Я улыбнулся, подталкивая замешкавшихся в нерешительности бруттов. Свояченица рассудила верно: голодными гости уйти не должны. Не в наших стонгардских традициях отпускать из дому заезжих иноземцев, не накормив да не обогрев как следует. Пусть потом трижды в своей гостеприимности раскаиваться будем…

– У-у-у, – протянул молодой колдун, осторожно спускаясь по лестнице и сверху оценивая мой домашний хаос, – как людно.

Я молча подтолкнул его к столу и усадил, слегка надавив на плечо ладонью. Ослабший после болезненного приступа Люсьен почти рухнул на лавку, напротив ёрзавшего от любопытства Илиана. Людно! Поганая твоя бруттская душа, Люсьен! Сам знаю, что давно пора дом расширять, да откуда взяться времени и силам? Скорее, Никанор с Назаром сами вырастут да возведут хоромы своим невестам, чем старый отец возьмётся наконец за стройку!

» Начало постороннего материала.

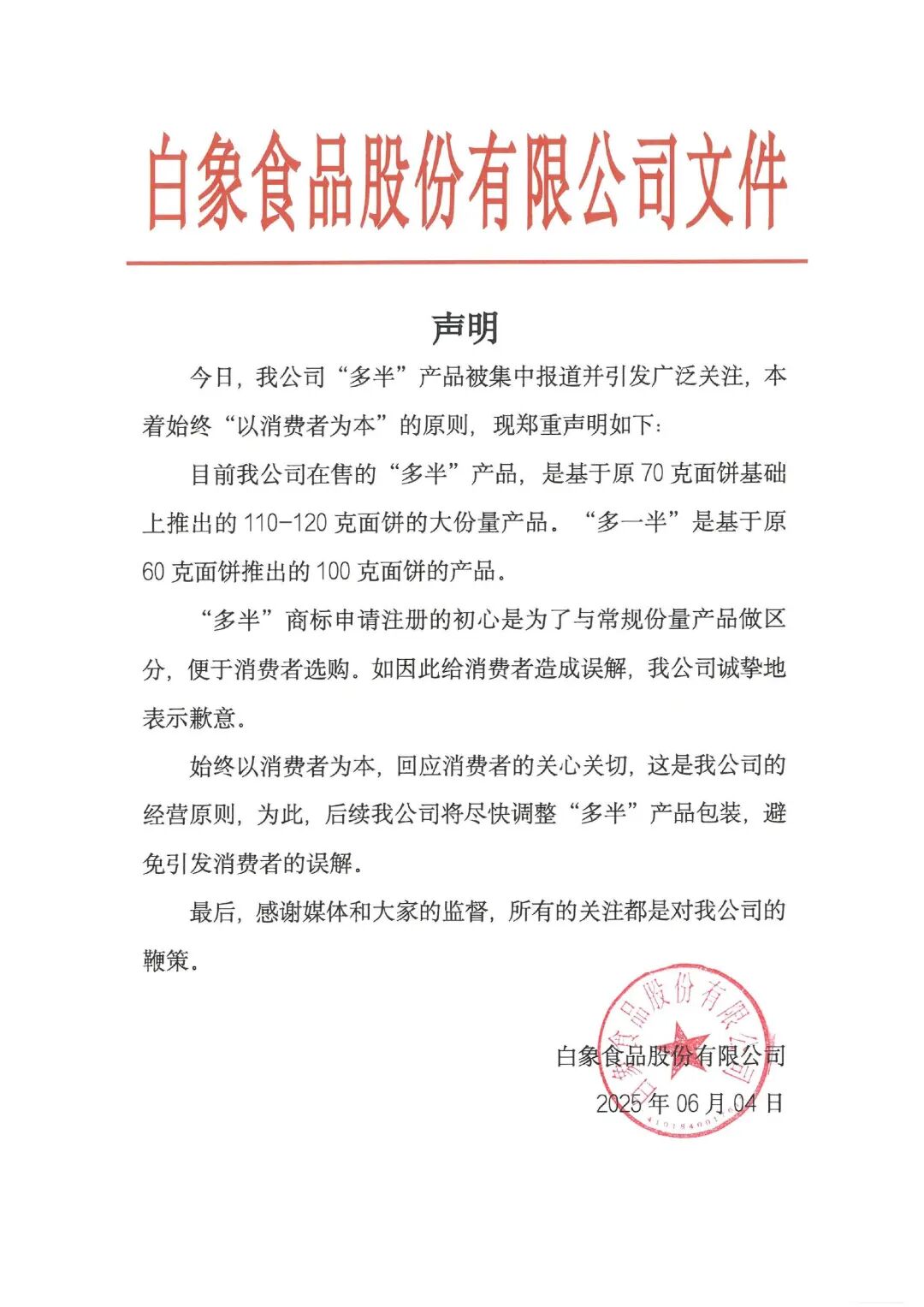 同时,白象为“给消费者造成误解”道歉,并承诺后续公司将尽快调整“多半”产品包装,避免引发误解。

Октавия тотчас захлопотала у стола, и оголодавшие в ожидании завтрака дети набросились на пищу, как стая волчат. Деметра задержалась, пробуждая Олана от колдовского сна, так что Люсьен оказался единственным гостем за столом. Какое-то время брутт с усмешкой смотрел на моих детей, затем принялся за еду наравне со всеми.

Деметра присела наконец рядом, держа на руках проснувшегося младенца; я протянул руки, чтобы освободить её от ноши.

– Па-па, – слабо, неуверенно, но довольно чётко произнёс Олан, глядя мне в глаза.

И улыбнулся.

…Знакомо ли вам чувство, когда нечаянную радость отравляют уколы сомнений и тревоги? Когда уже попросту не веришь, что может быть хорошо? Настолько привык к худшему, что и добрые подарки воспринимаешь с подозрением? Пробуешь на зуб, не доверяя ни себе, ни людям, потому что прекрасно знаешь: всё меняется. Сейчас хорошо, но скоро – возможно, уже через минуту – будет плохо?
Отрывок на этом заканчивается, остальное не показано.